While enforcement is feeble, the tough rules the EU once proposed have been nobbled by the manufacturers. The new strategy the commission published in September consists of asking them sweetly to stop killing our frail citizens, rather than imposing a legal obligation to keep reducing the quantity of fine soot particles their vehicles produce. It grants governments like ours - which have done as little as they can get away with - five years in which to sit on their backsides and make excuses.

But even with all this mollycoddling, we still can't meet the rules. This year the UK has somehow contrived to break the pathetic standards (a maximum of 35 days on which pollution can exceed the legal limit) that the EU currently imposes. The problem appears to be that the growth in traffic has caught up with the improvement in the performance of engines. The government has been arguing that to do something about this would not be "cost effective". But as the National Society for Clean Air points out, if it had acted when it had to, the rules would have cost far less. The idea that laws can be broken when it makes financial sense has interesting implications for the criminal justice system.

As a cyclist, these failures drive me berserk. I refuse to own a car, partly because I believe it is wrong to fill other people's lungs with carcinogens.
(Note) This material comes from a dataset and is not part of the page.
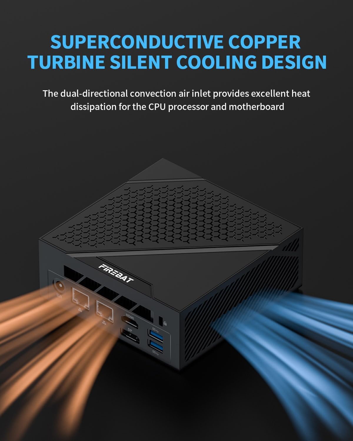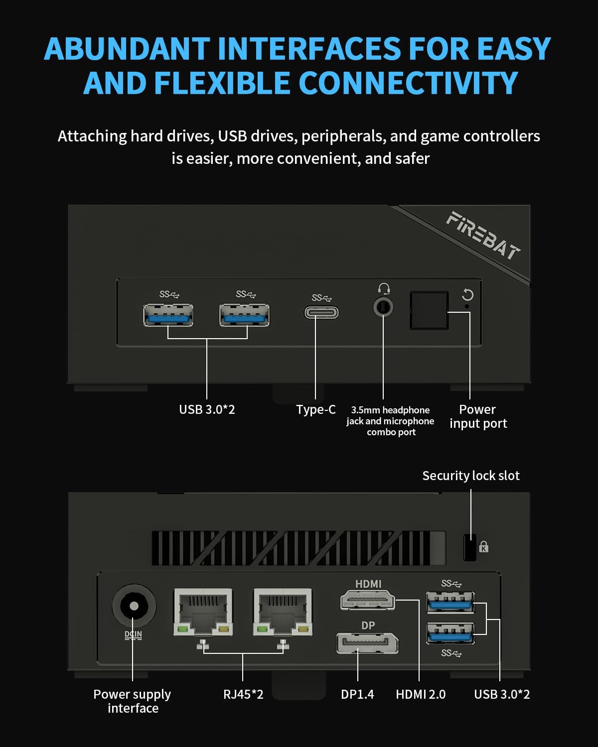 Full-Featured Type-C – The FIREBAT mini PC comes with a full-featured Type-C interface, offering direct connection and plug-and-play functionality. With a single Type-C data cable, it can power the small host while also providing power and display signal output, optimizing desktop space and ensuring a tidy workspace. The robust full-featured Type-C supports transfer speeds of up to 10Gbps, along with video output and power supply capabilities. Adding a VESA mount allows you to hide the mini PC behind a monitor or HDTV, keeping your desktop clean and organized to the maximum extent possible.

And so, while the drivers breathe their filtered air, I have to sit behind their tailpipes, drawing their excretions - for I am exerting myself - deep into my chest.

The Routemasters being dragged - to incomprehensible public dismay - off the streets of London do not die. Their tops are cut off, then their headless wights are sent to my home city - Oxford - with the sole and certain purpose of making our lives hell. Carrying two or three half-frozen tourists at a time, they trundle round and round the centre on endless guided tours. To judge by the smoke that comes out of their rear ends they seem to run on burning tyres rather than diesel, but the council's environmental health department, engaged in lively competition with the planning department to establish the outer limits of uselessness, refuses to return my calls, so I have no idea why they are still allowed to operate.

At least the bar staff can, though perhaps at the cost of unemployment, withdraw their labour from the cancer market, but what choice do I have, or does anyone have, short of living in an oxygen tent? Why, in this age of particulate filters and hypercars, do I have to fill my lungs with every known species of airborne fug whenever I go to buy a pint of milk? Is it so hard for a government, which seems determined to offend the entire voting public with its assaults on schools and hospitals, to stand up to a handful of motor manufacturers who no longer even operate here? Or must we believe that public health in the UK takes second place to the profits of foreign corporations?